I think much of this came from my annoyance with school. I was homeschooled the whole way through, but I had a very untraditional schooling in that I basically only did math after 6th grade, and even that was just bits and pieces. Not a real curriculum. What I found was that my life didn’t change at all. I kept up with other kids just the same, and in some ways, I felt like I could understand things better than my friends in school because I was more used to how things worked in the real world.

Because of this, I got into the mindset that most things weren’t really worth learning about. Since I was living life just the same without school, then surely there was no use in learning about stuff.

This is a bit of an exaggeration. I, of course, was still curious about some things, and my drive for people and conversations with people never died.

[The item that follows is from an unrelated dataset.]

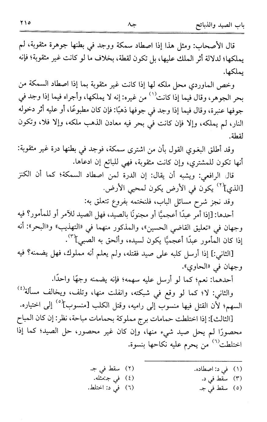 قال الأصحاب: ومثل هذا إذا اصطاد سمكة ووجد في بطنها جوهرة مثقوبة، لم يملكها؛ لدلالة أثر الملك عليها، بل تكون لقطة، بخلاف ما لو كانت غير مثقوبة؛ فإنه يملكها.

I simply just stopped asking questions about things. The bare minimum was great for me!

For the sake of length, fast-forward to my senior year of “high school.” Much of my drive for learning new things had come back. I still didn’t really see the purpose in all of the academic stuff, but my desire to go to the mission field drove me to want to learn a ton of new skills. I wanted to be an unstoppable value creator. In fact, that same drive is what inspired me to do Praxis and in turn create this blog.

So, I had rediscovered the love for learning. Great! But wait, there was still something missing.

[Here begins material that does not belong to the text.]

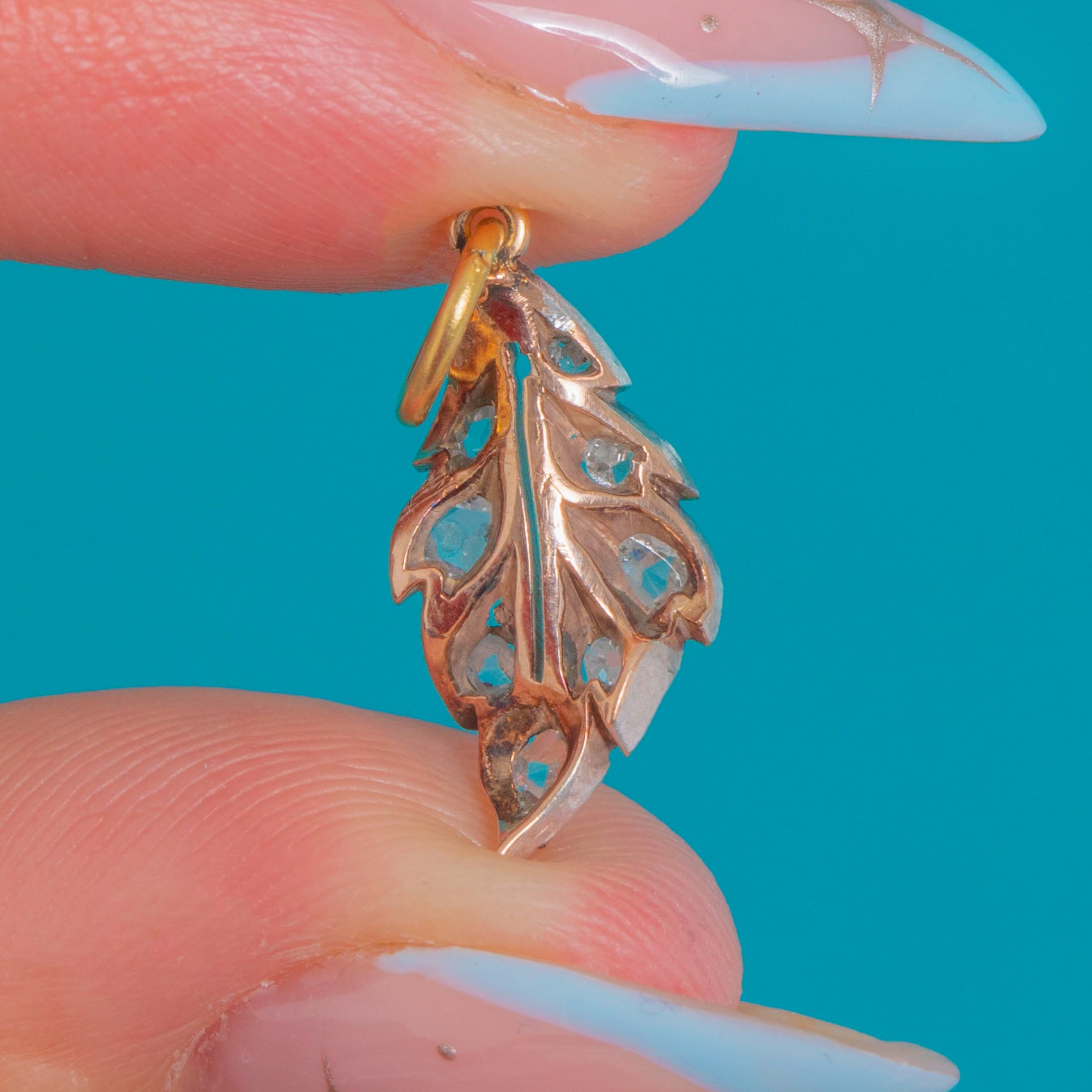 Antique 18ct Gold & Silver Rose-Cut Diamond Leaf Charm

What I discovered was that even though my desire and passion had shifted, my habits and day-to-day mindset were still stuck being stubborn and unteachable.

What I mean by this is basically that I couldn’t ask questions for the life of me. Not just verbally asking questions, but my mind stopped asking questions. Someone could talk for 30 minutes on a subject I didn’t know anything about and somehow, I still wouldn’t have any questions to ask them. This was so frustrating to me because I truly wanted to learn but I felt like I just couldn’t get past the surface level.

That brings us to this past month. One of my goals in Praxis is to learn how to ask purposeful questions, and I can honestly say that I have learned more about questions and how to ask them in the past month than I did in the last 10 years. With doing a podcast interviewing people, cold-calling friends to sign-up for my email list, having video calls with advisors, I have learned to truly go into everything with a questioning approach, and I highly suggest it!

In another post, I will explain some of the different techniques and ideas that I have learned while trying to ask purposeful questions, but for now, I will just leave you with this:

The next podcast, lecture, sermon, etc. that you listen to, take a pen and paper and write down every possible question that you can think of during the time listening. You may not even be able to ask the questions to the person speaking, but this little exercise gets your mind in the right place for truly having a questioning mind. The more you do this, the more questions will come naturally to you, and instead of asking about everything, you start to become aware of what might actually be interesting to dive into a little deeper.

Don’t be afraid if you’ve stopped asking questions. Just start now. Forget your pride. Forget being self-conscious. There’s learning to be done!